Semi-Annual Report | September 30, 2023 | 14 |
USQ Core Real Estate Fund | Notes to Financial Statements |
| September 30, 2023 (Unaudited) |
1. ORGANIZATION
The USQ Core Real Estate Fund (the “Fund”) is registered under the Investment Company Act of 1940, as amended (the “1940 Act”), as a non-diversified, closed-end management company. The Fund engages in a continuous offering of shares and operates as an interval fund that offers quarterly repurchases of shares at net asset value (“NAV”). The Fund’s investment adviser is Union Square Capital Partners, LLC (the “Adviser”). The investment objective of the Fund is to generate a return comprised of both current income and capital appreciation with moderate volatility and low correlation to the broader markets.
The Fund is organized as a statutory trust under the laws of the State of Delaware. The Fund commenced operations on September 27, 2017.
The Fund currently offers Class I and Class IS shares. All classes of shares have equal voting privileges except that each class has exclusive voting rights with respect to its service and/or distribution plans. The Fund’s income, expenses (other than class specific distribution fees and shareholder servicing expenses), and realized and unrealized gains and losses are allocated proportionately each day based upon the relative net assets of each class.
2. SIGNIFICANT ACCOUNTING POLICIES
The following is a summary of significant accounting policies followed by the Fund in preparation of its financial statements. The policies are in conformity with accounting principles generally accepted in the United States of America (“U.S. GAAP”). The Fund is an investment company and, accordingly, follows the investment company accounting and reporting guidance of the Financial Accounting Standards Board (FASB) Accounting Standards Codification (ASC) Topic 946, Financial Services - Investment Companies.
Valuation of Private Investment Funds
The private institutional real estate investment funds in which the Fund invests (“Private Investment Funds”) are not publicly traded. The Private Investment Funds measure their investment assets at fair value and report a NAV per share on a calendar quarter basis. In accordance with Accounting Standards Codification (“ASC”) 820, the Fund applies the practical expedient to value its investments in Private Investment Funds at their respective NAVs at each quarter – as this method more accurately estimates the actual value of each Private Investment Fund at quarter-end. For non-calendar quarter-end days, the Adviser, as the Board of Trustees’ “valuation designee” under 1940 Act Rule 2a-5, may consider certain information provided by a Private Investment Fund’s investment manager to determine the estimated value of the Fund’s holdings in such Private Investment Funds. The valuation provided by the investment manager as of a specific date may vary from the actual sale price that may be obtained if such investment were sold to a third party. To determine the estimated value of the Fund’s investment in Private Investment Funds, the Adviser considers, among other things, information provided by the Private Investment Funds, including quarterly unaudited financial statements.

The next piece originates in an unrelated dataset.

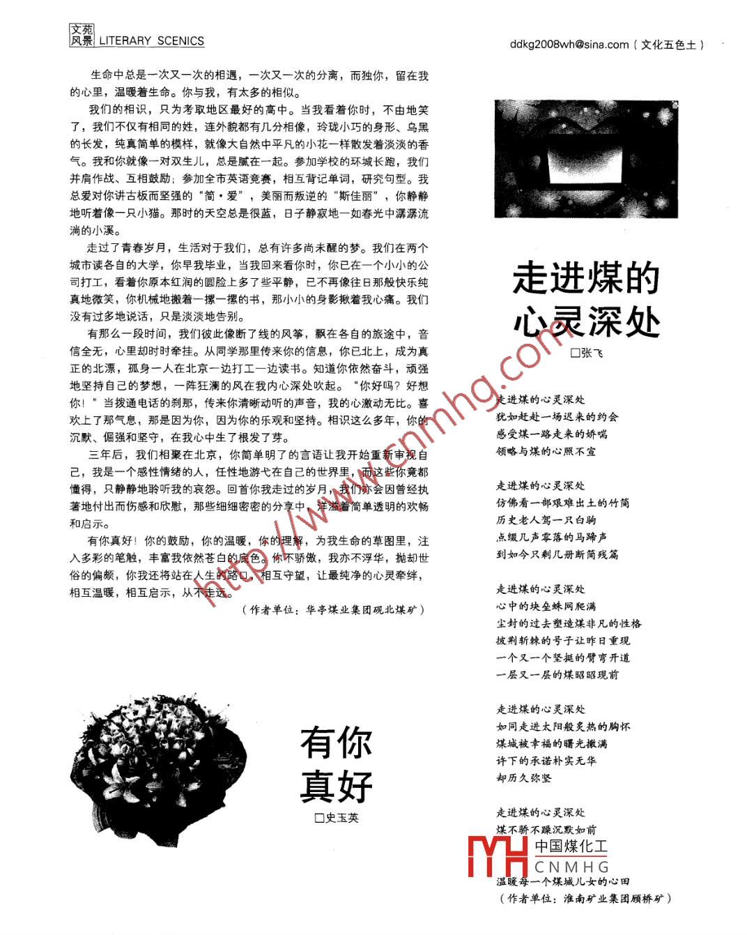 LITERARY SCENICSddkg2008wh@sina.com (文化五色土)生命中總是一次又-次的相遇,- -次又一次的分離,而獨(dú)你,留在我的心里,溫暖著生命。你與我,有太多的相似。我們的相識,只為考取地區(qū)最好的高中。當(dāng)我看著你時(shí),不由地笑了,我們不僅有相同的姓,連外貌都有幾分相像,玲瓏小巧的身形、烏黑的長發(fā),純真簡單的模樣,就像大自然中平凡的小花一樣散發(fā) 著淡淡的香氣。我和你就像一對雙生兒, 總是膩在一起。 參加學(xué)校的環(huán)城長跑,我們并肩作戰(zhàn)、互相鼓勵(lì);參加全市英語競賽,相互背記單詞,研究句型。我總愛對你講古板而堅(jiān)強(qiáng)的“簡.愛”,美麗而叛逆的“斯佳麗”,你靜靜地聽著像-只小貓。 那時(shí)的天空總是很藍(lán),子靜寂地一如春光 中潺潺流淌的小溪。走過了青春歲月,生活對于我們,總有許多尚未醒的夢。我們在兩個(gè)城市讀各自的大學(xué),你早我畢業(yè),當(dāng)我回來看你時(shí),你已在-個(gè)小小的公司打工,看著你原本紅潤的圓臉上多了些平靜,已不再像往8那般快樂純走進(jìn)煤的真地微笑,你機(jī)械地搬著-摞- 摞的書, 那小小的身影揪著我心痛。我們沒有過多地說話,只是淡淡地告別。有那么一段時(shí)間, 我們彼此像斷了線的風(fēng)箏,飄在各自的旅途中,音心靈深處信全無,心里卻時(shí)時(shí)牽掛。從同學(xué)那里傳來你的信息,你已北上,成為真門張飛正的北漂,孤身-人在北京一邊打工-邊讀書。知道你依然奮斗,頑強(qiáng)地堅(jiān)持自己的夢想,-陣狂瀾的風(fēng)在我內(nèi)心深處吹起?!?你好嗎?好想你! "當(dāng)撥通電話的剎那,傳來你清晰動(dòng)聽的聲音,我的心激動(dòng)無比。喜走進(jìn)煤的心靈深處歡上了那氣息,那是因?yàn)槟悖驗(yàn)槟愕臉酚^和堅(jiān)持。相識這么多年,你的猶如趕赴-場遲來的約會沉默、倔強(qiáng)和堅(jiān)守,在我心中生了根發(fā)了芽。感受煤一路走來的嬌喘三年后,我們相聚在北京,你簡單明了的言語讓我開始重新審視自領(lǐng)略與煤的心照不宣己,我是一個(gè)感性情緒的人,任性地游弋在自己的世界里,而這些你竟都懂得,只靜靜地聆聽我的哀怨?;厥啄阄易哌^的歲月,我們亦會因曾經(jīng)執(zhí)著地付出而傷感和欣慰,那些細(xì)細(xì)密密的分享中,洋溢著簡單透明的歡暢仿佛看一部艱難出土的竹簡和啟示。歷史老人駕一只白駒有你真好!你的鼓勵(lì),你的溫暖,你的理解,為我生命的草圖里,注點(diǎn)綴幾聲霉落的馬蹄聲入多彩的筆觸,豐富我依然蒼白的底色。你不驕傲,我亦不浮華,拋卻世到如今只剩幾冊斷簡殘篇俗的偏頗,你我還將站在人生的路口,相互守望,讓最純凈的心靈牽絆,相互溫暖,相互啟示,從不走遠(yuǎn)。(作者單位:華亭煤業(yè)集團(tuán)硯北煤礦)心中的塊壘蛛網(wǎng)爬滿塵封的過去塑造煤非凡的性格披荊斬棘的號子讓昨日重現(xiàn)一個(gè)又一個(gè)堅(jiān)挺的臂彎開道一層又一層的煤昭昭現(xiàn)前如同走進(jìn)太陽般炙熱的胸懷煤城被幸福的曙光撒滿有你許下的承諾樸實(shí)無華卻歷久彌堅(jiān)真好口史玉英煤不驕不躁沉默如前中國煤化工MHCNMH G溫暖每一個(gè)煤城兒女的心田(作者單位:淮南礦業(yè)集團(tuán)顧橋礦)數(shù)據(jù)工2012年第10期

Valuation of Public Investments
Readily marketable portfolio securities listed on the New York Stock Exchange (“NYSE”) are valued at the last sale price reflected on the consolidated tape at the close of the NYSE on the business day as of which such value is being determined. If there has been no sale on such day, the securities are valued at the mean of the closing bid and ask prices on such day. If no bid or ask prices are quoted on such day or if market prices may be unreliable because of events occurring after the close of trading, then the security is valued by such method as the Adviser shall determine in good faith to reflect its fair market value. Readily marketable securities not listed on the NYSE but listed on other domestic or foreign securities exchanges are valued in a like manner. Portfolio securities traded on more than one securities exchange are valued at the last sale price on the business day as of which such value is being determined as reflected on the consolidated tape at the close of the exchange representing the principal market for such securities. Securities trading on The NASDAQ Stock Market (“NASDAQ”) are valued at the NASDAQ official closing price.

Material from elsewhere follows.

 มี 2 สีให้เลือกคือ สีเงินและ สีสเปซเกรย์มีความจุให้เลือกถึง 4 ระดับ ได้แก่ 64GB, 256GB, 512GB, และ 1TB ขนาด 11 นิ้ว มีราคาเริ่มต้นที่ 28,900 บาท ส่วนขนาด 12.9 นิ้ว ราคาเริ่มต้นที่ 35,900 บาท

Semi-Annual Report | September 30, 2023 | 15 |
USQ Core Real Estate Fund | Notes to Financial Statements |
| September 30, 2023 (Unaudtied) |
Third-Party Pricing Agents
The Adviser may contract with independent, third-party pricing agents to provide primary and secondary valuation coverage. Generally, there will be only one primary pricing agent identified for each type of security within the Fund’s portfolio.
Use of Independent Brokers to Value Securities
If a security price cannot be obtained from an independent, third-party pricing agent, the Adviser shall seek to obtain a bid price from at least one independent broker. The Adviser shall report to the Board on any use of an independent broker to value securities.
Fair Value Pricing Procedures
Securities for which market prices are not “readily available,” or which cannot be valued using the methodologies described in these procedures, will be valued in accordance with the Adviser’s Valuation Policy as approved by the Board. Notwithstanding the foregoing, a security shall not be required to be fair valued in accordance with the Adviser’s Valuation Policy if the aggregate impact to the Fund’s NAV would be less than $0.01. For purposes of measuring the $0.01 threshold, it is assumed that all securities that would otherwise be required to be fair valued were worthless to provide a hypothetical worst-case scenario. In such cases, the most recent available market value for such security may be used.
Fair Value Measurements
In applying the valuation procedures described in this Valuation Policy, the Adviser maximizes the use of “observable” versus “unobservable” inputs in markets which are active or markets where there has not been a significant decrease in the volume and frequency of transactions, as stressed by ASC Topic 820. Observable inputs are defined as inputs that reflect the assumptions market participants would use in pricing an asset or liability developed based on market data obtained from sources independent of the reporting entity. Unobservable inputs are defined as inputs that reflect the Adviser’s own assumptions about the assumptions market participants would use in pricing an asset or liability developed based on the best information available in the circumstances. To clarify observable versus unobservable inputs and increase consistency and comparability in Fair Value measurements, ASC Topic 820 establishes a Fair Value hierarchy (the “Fair Value Hierarchy”) that prioritizes valuation inputs into three levels, which is utilized by the Adviser. The Fair Value Hierarchy is described below in further detail.
Level 1 - Level 1 inputs (“Level 1 Inputs”) are quoted prices (unadjusted) in active markets for identical assets or liabilities that the Adviser has the ability to access at the valuation date. As defined in ASC Topic 820, an active market (“Active Market”) for an asset or liability is a market in which transactions for the asset or liability occur with sufficient frequency and volume to provide pricing information on an ongoing basis. The portfolio has investments in actively traded securities and therefore are valued through the use of Level 1 Inputs in accordance with the Fair Value Hierarchy. In accordance with ASC Topic 820, when applicable Level 1 Inputs are available for a particular security, the Fair Value of the security is equal to the quoted price multiplied by the quantity held. Adjustments are not applied to the quoted price due to the size of a position relative to trading volume (i.e., blockage).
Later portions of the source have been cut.